Hi. I post this here because there is no git-annex specific subreddit.

What I currently have is a number of external (most of them USB) drives, each of them has four git-annex repositories: Music, movies, Books (as in epub/pdf) and images. I managed them by hand until now. The drives are different in size and some of them are too small to keep all data (like 120GB drive, very old and likely to fail, but 500GB of music).

What I want to have: Somehow plug all of these drives into one device (Raspberry or something like this) and let it be managed by git-annex automatically in a way that there are enough copies of each file so that a disk failure does not result in data loss. On my day-to-day devices (as of now a workstation with 2x3 TB data disks where each repository is on both of the drives, two notebooks, one GPD Pocket and one more notebook I'm about to buy in the next few months). On these devices I do not want to keep the data long-term (except for some of the music maybe), some of them do have very small drives (especially the GPD).

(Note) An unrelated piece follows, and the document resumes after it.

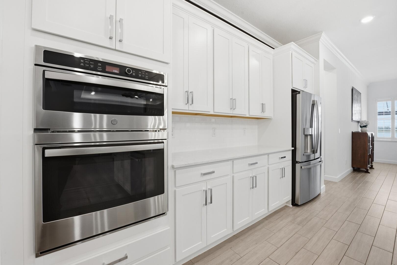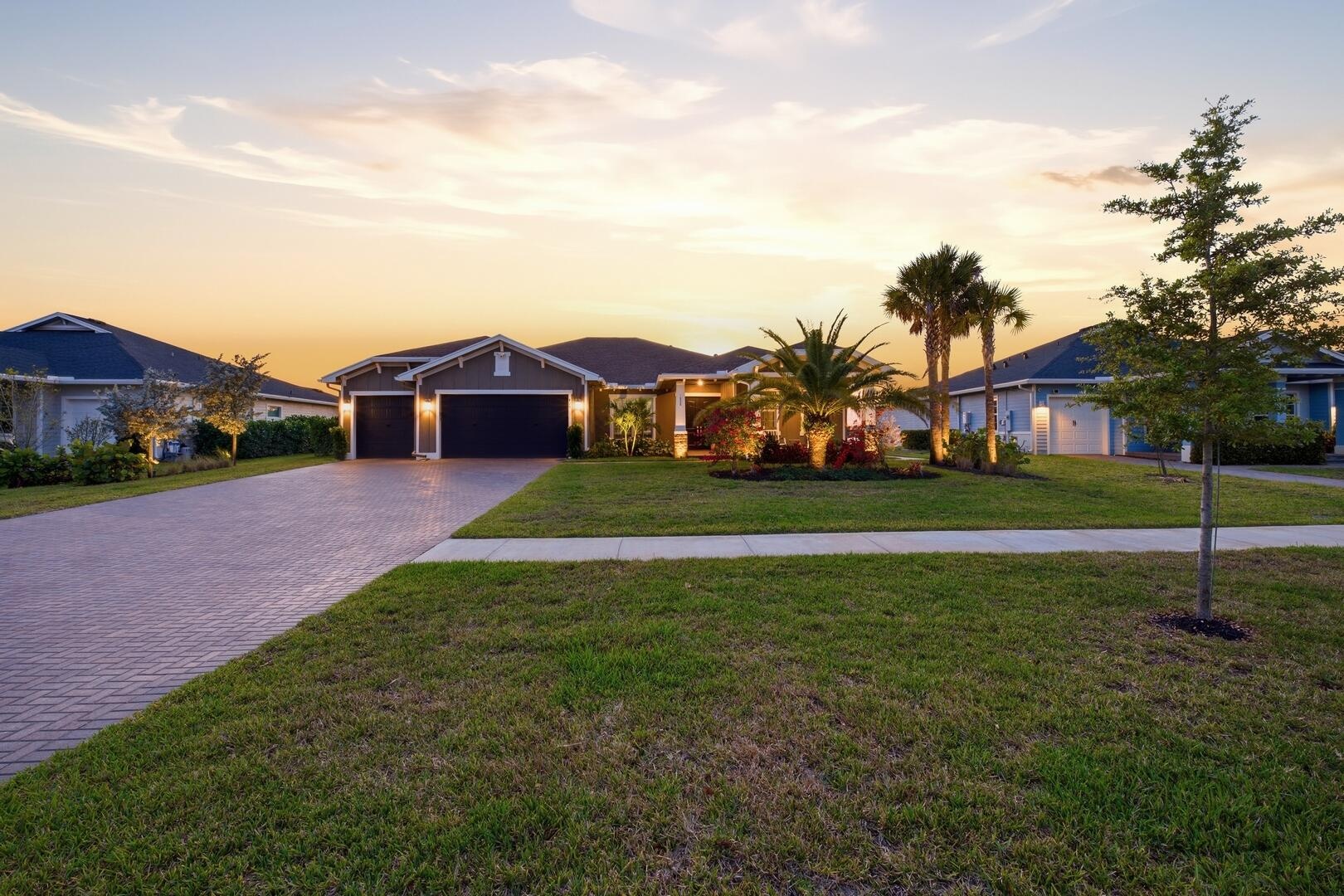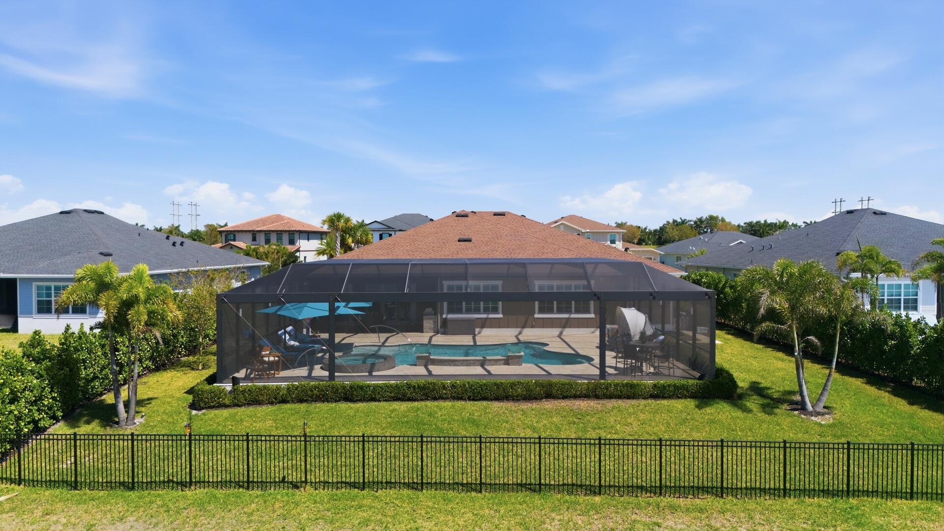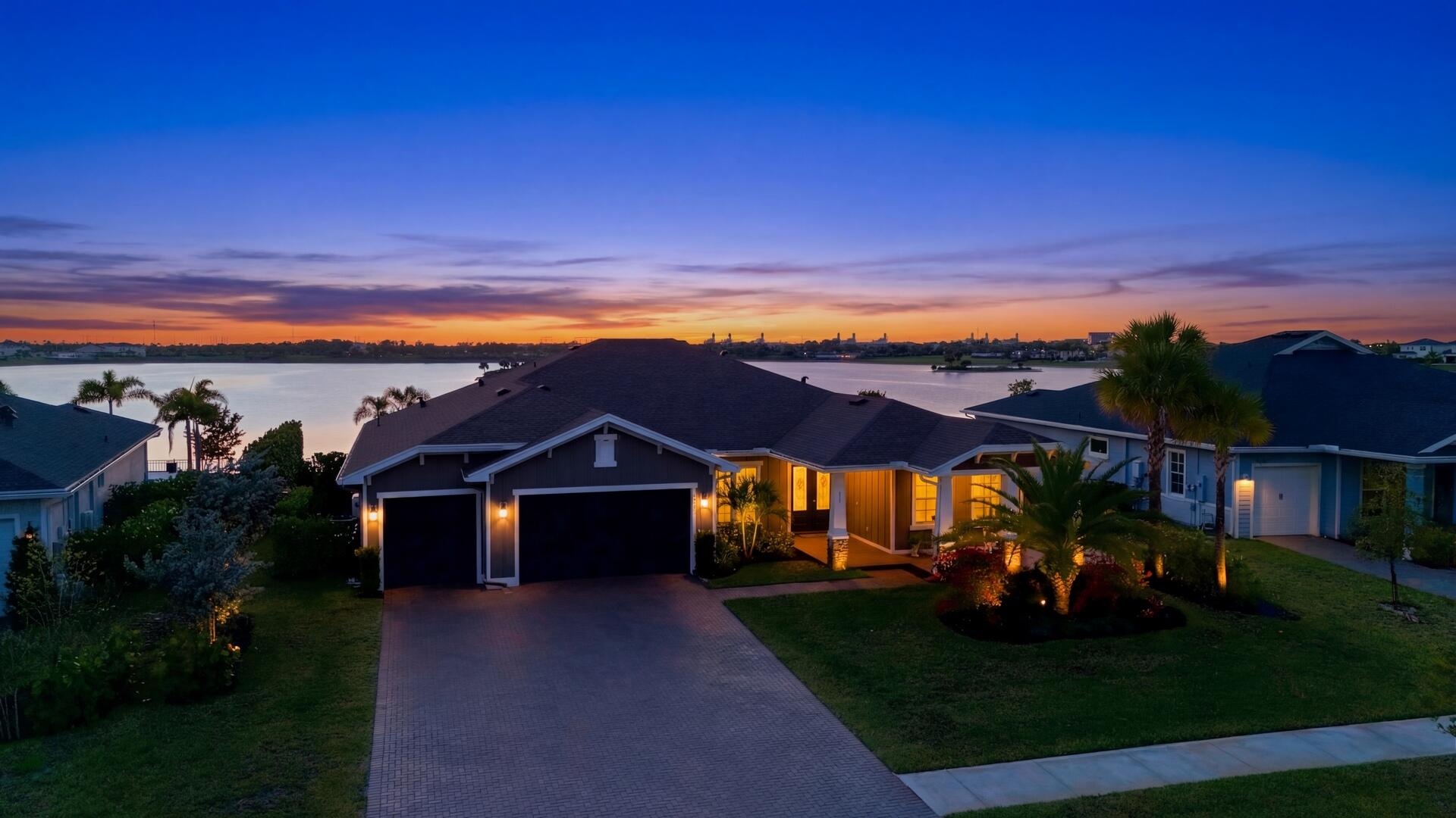 A stunning lakefront pool home designed with a clean, modern edge and elevated finishes throughout. Offering 4 bedrooms plus a sleek study/den and 3.5 baths, the home makes an immediate statement with a dramatic double-door entrance that opens into a grand foyer featuring a striking triple tray ceiling. The main living space is wide open and filled with natural light, anchored by a spacious great room with walls of glass that fully connect indoor and outdoor living. Entertain effortlessly in the formal dining area, all wrapped in smooth walls, crown molding, wood-look plank tile flooring, impact windows, and plantation shutters. You also have the peace of mind of a whole-house generator and a full water purification system already in place. The kitchen is straight out of a design magazine—crisp, modern, and highly functional. Quartz countertops, a clean tiled backsplash, stainless steel appliances, a 5-burner gas range with vented hood, oversized island, and casual breakfast nook all come together in a space that's built to impress. The primary suite is a private escape with a tray ceiling, dual walk-in closets, and a spa-style bath featuring a freestanding soaking tub and a glass-enclosed walk-in shower. Outside is where this home really separates itself—your own resort-style setting overlooking the water. A custom saltwater heated pool and spa with 6 jets, marble decking, full screen enclosure, and a fully equipped summer kitchen with top-of-the-line appliances create a seamless outdoor lifestyle that feels like a private retreat. Finished off with Polyaspartic garage flooring and a premium lakefront setting, this home is dialed in, move-in ready, and built for the way people want to live today. Located within walking distance to the new elementary school and near top-rated K-12 options, this home offers convenience as well as luxury. The community provides resort-style amenities: miles of trails, two clubhouses, pools, pickleball, tennis, basketball, boat ramp, fishing piers, skate park, dog parks, and even a working farm offering organic produce to residents.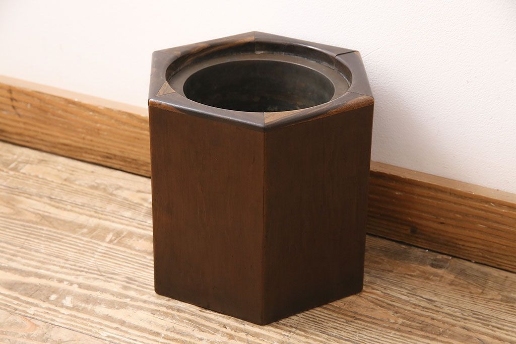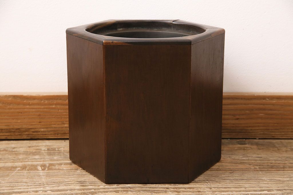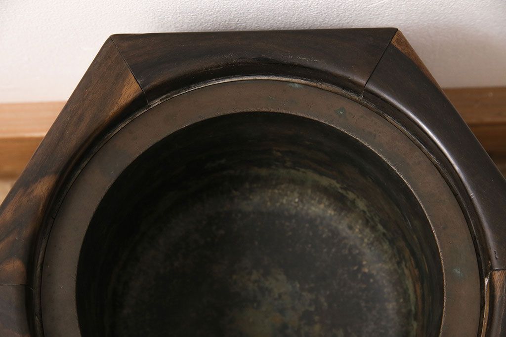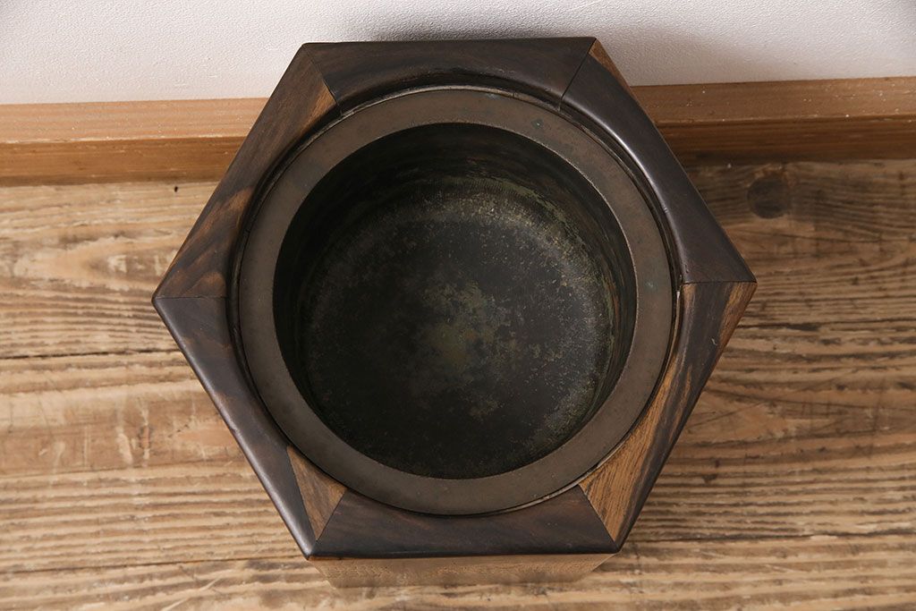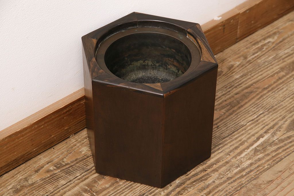 アンティーク雑貨 本体杉材・上部黒柿材 凝った意匠がぱっと目を引く六角型木製火鉢(角火鉢)(R-048502)

The "cluster" does not need to be online all the time and I do not care too much about speed - all important stuff will be on my day-to-day devices anyways, I don't mind if downloading a movie from the Custer takes one minute or fifteen!

My questions:

  1. What device can I use to plug in all these USB drives? I do not want a proper RAID because I think it is too much to set up, also I might add drives and some of the older drives might fail rather soon - not worth the hassle.
  2. How to instruct annex to keep copies on these drives and distribute files over the "cluster" (let's just call it that) automatically?
  3. How to move there from my current setup?

Any advice is welcome. I'll cross-post this to the datahoarders as well.

Thanks for your time.

Edit: Cross posting to datahoarders subreddit didn't work from my app, damn.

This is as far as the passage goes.